Ozone and ethanol

Oct. 27, 2003
The annual air-quality assessment published recently by the US Environmental Protection Agency contains a sleeping serpent worth stirring up before environmental alarmists appropriate it for their gloomy propaganda.

The annual air-quality assessment published recently by the US Environmental Protection Agency contains a sleeping serpent worth stirring up before environmental alarmists appropriate it for their gloomy propaganda. It's an indicated rise in a pollution measure heretofore in strong decline. Preemptive perspective can bridle environmentalism's predisposition for catastrophe. It might also keep House-Senate conferees working on overstuffed energy legislation from genuinely reversing progress in the fight against air pollution.

The news from EPA is that air quality continues to improve, as it has done for decades. "Since 1970," the agency says in its report on air quality trends through 2002, "aggregate emissions of the six principal pollutants have been cut 48%. During that same time, US energy consumption increased 42%, and vehicle-miles traveled increased 155%." The reported improvement was unusually large in the new assessment because of adjustments made to vehicle emissions found to have been understated in the 1970s and 1980s.

Small increase

The pollution increase noted for 1993-2002 involved ozone levels. It occurred according to the stricter of two ozone parameters: the 8-hr standard adopted in 1997; by the 1-hr standard used since 1970, ozone pollution continued to diminish in 1993-2002. According to EPA, the amount of increase, 4% over the period, is too small to be statistically significant.

Those technicalities will vanish in the churn of news and political contention, of course. Also unnoticed will be the solid declines that persist for other nationally tracked components of air-quality assessment: nitrogen dioxide (NO2), sulfur dioxide, particulates, carbon monoxide, and lead. By those measures, the Clean Air Act's "criteria pollutants," air quality has steadily and greatly improved. The US has no general pollution crisis.

Specific areas within the US, however, have problems with specific pollutants.
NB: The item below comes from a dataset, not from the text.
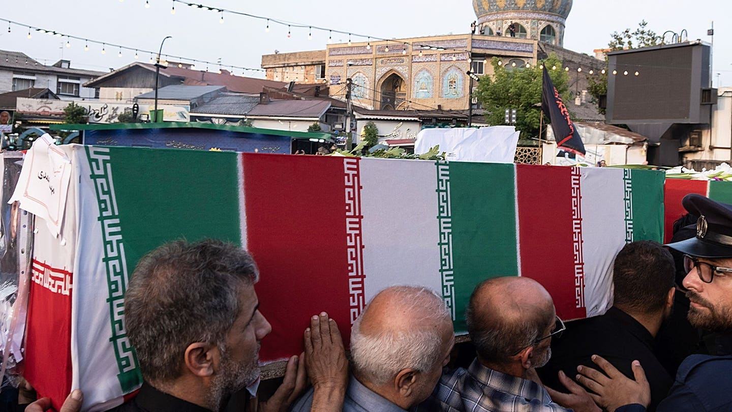 Pessoas em luto se reúnem em torno dos caixões cobertos com bandeiras dos generais das forças armadas iranianas, cientistas nucleares e seus familiares nos caminhões, que foram mortos em ataques israelenses, durante a cerimônia fúnebre em Teerã, Irã, sábado, 28 de junho de 2025. (Vahid Salemi/AP)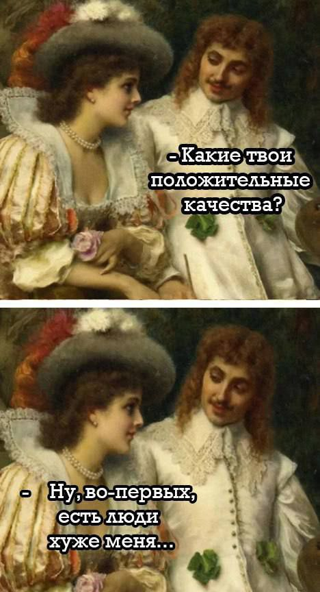 Великая целительная сила мемов заключается в том, что есть темы и ситуации, которые людям неудобно обсуждать друг с другом. Сегодня не обязательно идти к семейному психологу, когда можно отправить смешную картинку, намекнуть, разрядить "грозовые тучи" между мужчиной и женщиной. Возвращаю эту рубрику в пятницу, где ей всегда было место. Обещаю, что со следующей недели начну писать здесь про своё последнее путешествие. Так я припру свою лень к стенке. *** Итак, баянистые мемы про нас. Помним, что откровенный разговор на первом свидании - залог второго☝ *** Второй совет пригодится мужчинам и женщинам. Всегда указывайте ваши конкурентные преимущества на сайте/сервисе знакомств. На языке маркетологов это называется - "отстройка от бренда" (конкурента). *** Смелость города берёт, а честность - сердца и репродуктивные органы☝ *** Иногда лучшая тактика - это не осада крепости, а само игнорирование её. *** Каждый полководец должен знать, что некоторые ворота никогда не откроются. *** Иногда ср

Some of those problems are chronic. On EPA's simplified list of areas not complying with federal standards for one or more criteria pollutants, particulates and ozone account for three fourths of the infractions.

Three decades of experience in the struggle against smog and soot highlight the importance of controlling oxides of nitrogen (NOx). Substances in this category are precursors of both ozone and particulates. And one of them, NO2, is a criteria pollutant. Because only one area of the country fails to meet the NO2 standard—Columbia Falls, Mont.—the contribution of NOx to formation of other pollutants is far more significant than NO2 is to further cleansing of US air.

In its latest report, EPA notes that during 1983-2002, emissions of volatile organic compounds, the other ozone precursor, fell by 40%, while those of NOx dropped by only 15%. "Additional NOx reductions will be necessary before more substantial ozone air-quality improvements are realized," the agency says, pointing to programs in place to seek those cuts.

Complex energy legislation under extended negotiation by the House-Senate conferees would work the opposite way. It contains a NOx-filled bomb: the requirement that the ethanol content of reformulated gasoline more than double within a few years. Tests have shown that adding ethanol to gasoline increases NOx emissions and that the problem is worse for ethanol than for methyl tertiary butyl ether (MTBE), which ethanol would replace. Ethanol also boosts evaporative emissions of volatile hydrocarbons.

As Houston consultant Cal Hodge has pointed out in these pages, California is a test case. In the past 3 years, while the state replaced much of the MTBE in its specially reformulated gasoline with ethanol, the number of violations of the federal ozone standard has doubled (OGJ, Oct. 6, 2003, p. 18).

Increased challenge

Mandating an increase in ethanol use is no way to fight ozone or particulate pollution. Yet the myth persists—largely because of marketing by ethanol producers and their lobbyists—that the substance makes gasoline combustion "cleaner" in air-quality terms. Ethanol does reduce emissions of carbon monoxide, which aggravates ozone formation. It does displace toxics and promote combustion—but at the cost of an energy loss relative to gasoline. The advantages, though, don't compensate for the disadvantages.

While the ozone numbers in EPA's new report shouldn't set off alarms, they do illuminate a pollutant for which further progress in nonattainment areas will be difficult. Increasing the challenge with a costly ethanol mandate would obstruct environmental efforts and discredit energy policy.